The story of Cain and Abel teaches that we have an inherent
calling to fraternity, but also the tragic capacity to betray that calling. This
is witnessed by our daily acts of selfishness, which are at the root of so many
wars and so much injustice: many men and women die at the hands of their
brothers and sisters who are incapable of seeing themselves as such, that is, as
beings made for reciprocity, for communion and self-giving.

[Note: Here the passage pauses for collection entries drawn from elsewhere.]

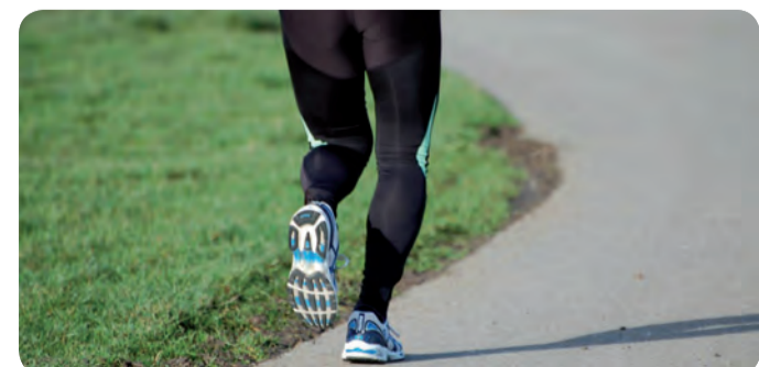
EL EJERCICIO FÍSICO ES UNA BUENA FORMA DE REDUCIR EL PESO.

Cabe recordar que la mejor forma de perder peso es el mantenimiento de hábitos saludables de forma continuada con hacer ejercicio físico moderado al menos media hora al día y la alimentación variada, que incluya realizar diariamente tres comidas principales que incluyan verduras y fibra, y dos tentempiés, recuerdan desde Enfermería.
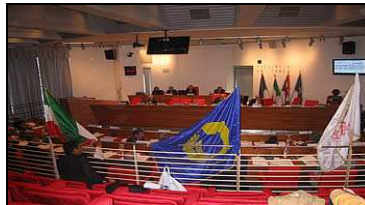
Palazzo della Provincia
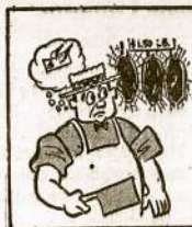
Use lower grades (less expensive) cuts of meat; these have less waste fat and require less grain feeds to produce them.
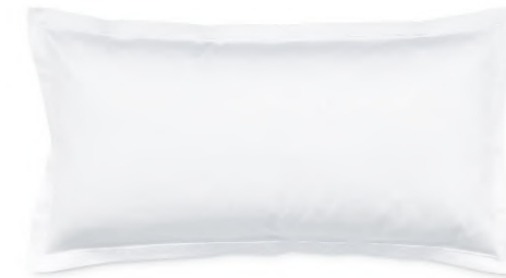
col. 00 white
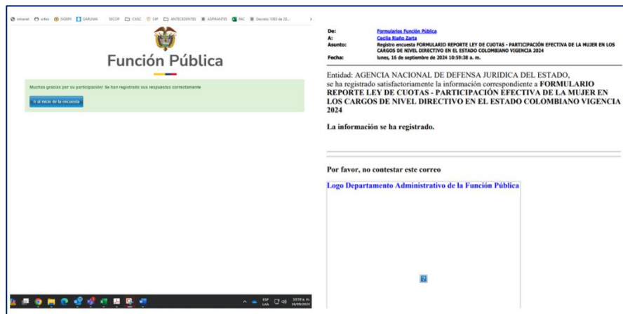
Imagen No. 5. Pantallazo Registro Encuesta Formulario Reporte Ley de Cuotas

Finalmente, el Grupo de Gestión de Talento Humano adjunto soporte del reporte efectuado a satisfacción en el aplicativo del DAFP.
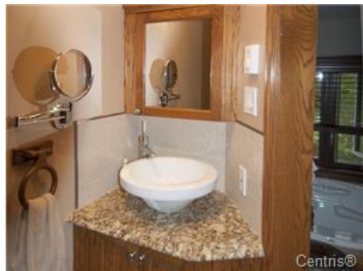
Salle de bains attenante à la CCP
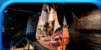
พิพิธภัณฑ์ทัวชา

Scandinavian Lover Capital Sweden Norway Denmark
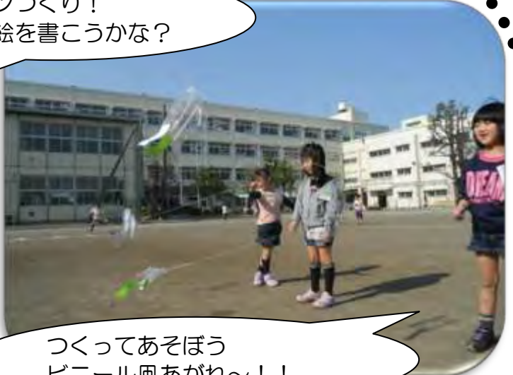
つくってあそぼう ビニール凧あがれ～！！
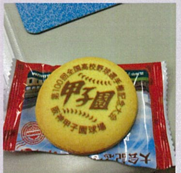
感動をありがとう！！！！
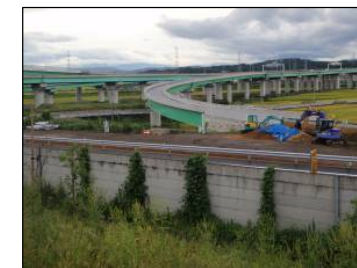
⑩ Cランプ Bランプより北部道路方向

“And you will all be brothers” (Mt 23:8)
3. The question naturally arises: Can the men and women of
this world ever fully respond to the longing for fraternity placed within them
by God the Father? Will they ever manage by their power alone to overcome
indifference, egoism and hatred, and to accept the legitimate differences
typical of brothers and sisters?
By paraphrasing his words, we can summarize the answer given
by the Lord Jesus: “For you have only one Father, who is God, and you are all
brothers and sisters” (cf. Mt 23:8-9). The basis of fraternity is found
in God’s fatherhood. We are not speaking of a generic fatherhood, indistinct and
historically ineffectual, but rather of the specific and extraordinarily
concrete personal love of God for each man and woman (cf. Mt 6:25-30). It
is a fatherhood, then, which effectively generates fraternity, because the love
of God, once welcomed, becomes the most formidable means of transforming our
lives and relationships with others, opening us to solidarity and to genuine
sharing.
In a particular way, human fraternity is regenerated
in and by Jesus Christ through his death and resurrection. The
Cross is the definitive foundational locus of that fraternity which human
beings are not capable of generating themselves. Jesus Christ, who assumed human
nature in order to redeem it, loving the Father unto death on the Cross (cf.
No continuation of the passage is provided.